Cemile geldiği bu şehirde adına Heim denilen ve genellikle bekarların oturduğu tek oda halinde kiraya verilen yerde diğer Türk kadınlarıyla beraber kalıyordu. Sabah 7 de işbaşı yapıyor ve akşam 19 a kadar arada yaptıkları 1 saatlik mola hariç, sürekli çalışıyordu.Yine de halinden şikayetçi değildi. Var gücüyle canını dişine takıyor ve bir an önce bir ev ve traktör parası biriktirip memleketine dönmek istiyordu.
Yazdığı son mektupta kocası kayınvalidesinin hastalandığını ve geride bıraktığı çocuğuna artık bakamayacağını söylüyordu.
Belki de bu sebepten son zamanlarda Cemile'nin canı çok sıkkındı. Bütün gücünü toplayarak, hatta gücünün fazlasıyla bile çalışıyor, çalışıyordu. Bundan sonraki gelecek mektubu ve oradaki haberleri merak ediyordu. Yorgun argın yattığı o geceyi kabuslarla geçirdi. Sabahleyin sanki üzerinden tır geçmiş gibi yorgun kalkarak işe gitti. İçinde tarifi imkansız büyük bir sıkıntı vardı.
Akşam eve gelince Hausmeister ona yeni gelen mektubu getirdi. Mektupta kayınvalidesinin vefat ettiği haberini okuyunca dünyalar başına yıkıldı. ‘’ Ne yapacağım ben şimdi? Kınalı kuzuma kim bakacak’’ diye içten içe kendini yedi, bitirdi. acilen memlekete gidip çocuğunu ve eşini buraya getirmeliydi.

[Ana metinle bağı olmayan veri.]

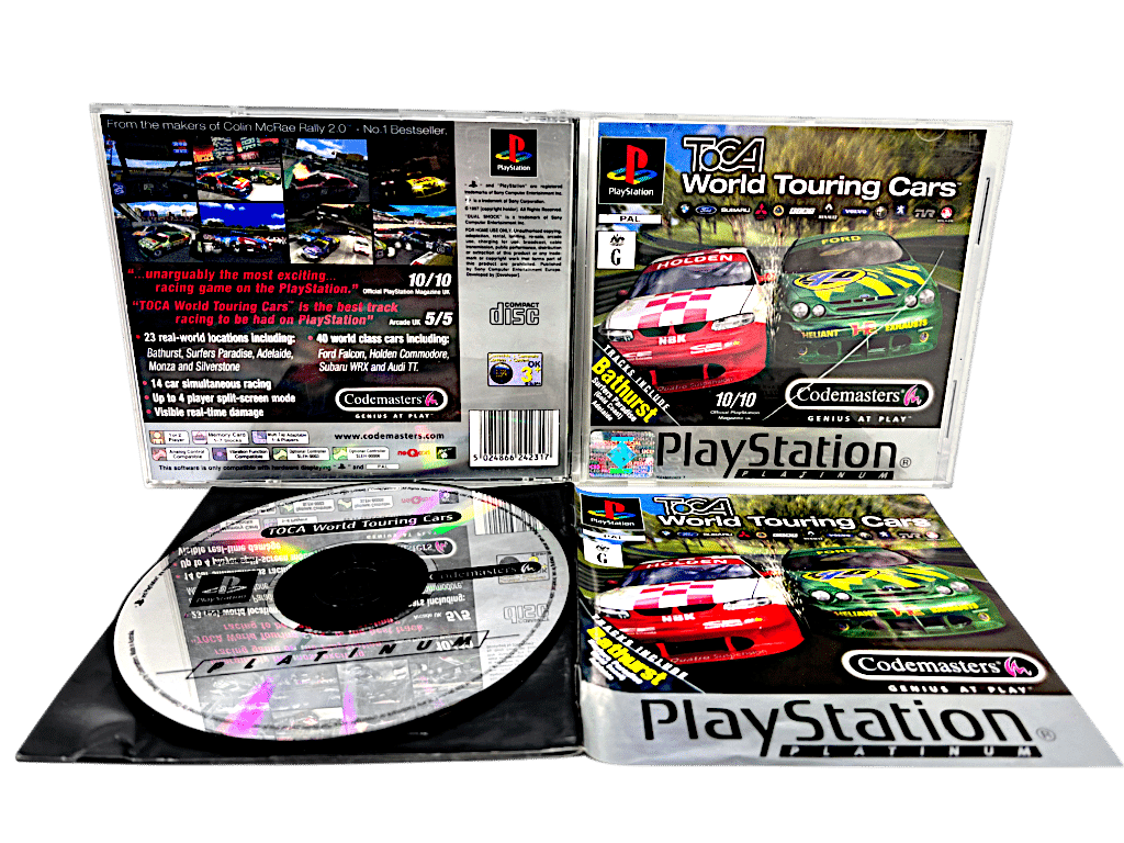 Genuine PLATINUM EDITION in Excellent Condition & 100% complete with contents: TOCA World Touring Cars for SONY PlayStation 1 / PS1. This preowned game comes complete with case, covers (both front and reverse cover slips), manual / booklet, and game disc. Front plastic panel of case has a small plastic crack pictured, but this is a purely cosmetic imperfection, and the contents inside are very tidy.

Zamanla, Almanya'nın soğuk sokakları, onun için belki bir yuva haline gelirdi. Yeni arkadaşlar edinir, yeni bir dil öğrenir, yeni bir hayata alışırdı. Belki de hiçbir zaman tam olarak kendini buraya ait hissedemezdi ama artık o, iki dünyanın kadınıydı. Hem memleketinin özlemini, hem de yeni hayatının getirdiği umutları aynı anda taşıyan, güçlü bir kadın. Oda arkadaşı Nazlı eve geldiğinde sarılıp ağlaştılar. sonra bir çözüm buldular. Fabrikada usta başı ile konuşup ya izin isteyecek veya eşi ve çocuğunu buraya getirmek için yardım isteyecekti.
Ustabaşı Cemileye izin vermek yerine eşinin ve çocuğunun buraya gelmesi için yardım edeceğini söyledi. gerçekten söz verdiği gibi Aile Birleşimi için gerekli evrakları hazırlamaya başladı. bu haberden sonra Cemile hemen eşine bir mektup yazarak kendisini ve çocuğunu Almanya'ya getirmek için Yabancılar Dairesine başvurduğunu ve olan biteni uzun uzun yazdı. Yeni bir ev bulma imkanı olmadığı için önceleri burada oturmaları gerekiyordu. Bir oda bile olsa başlarını sokacakları bir evleri vardı. Odaya yan odada kalan komşusundan bir koltuk daha getirince her şey tamam oldu. Koltukta biricik kuzusu Meleği yatacaktı.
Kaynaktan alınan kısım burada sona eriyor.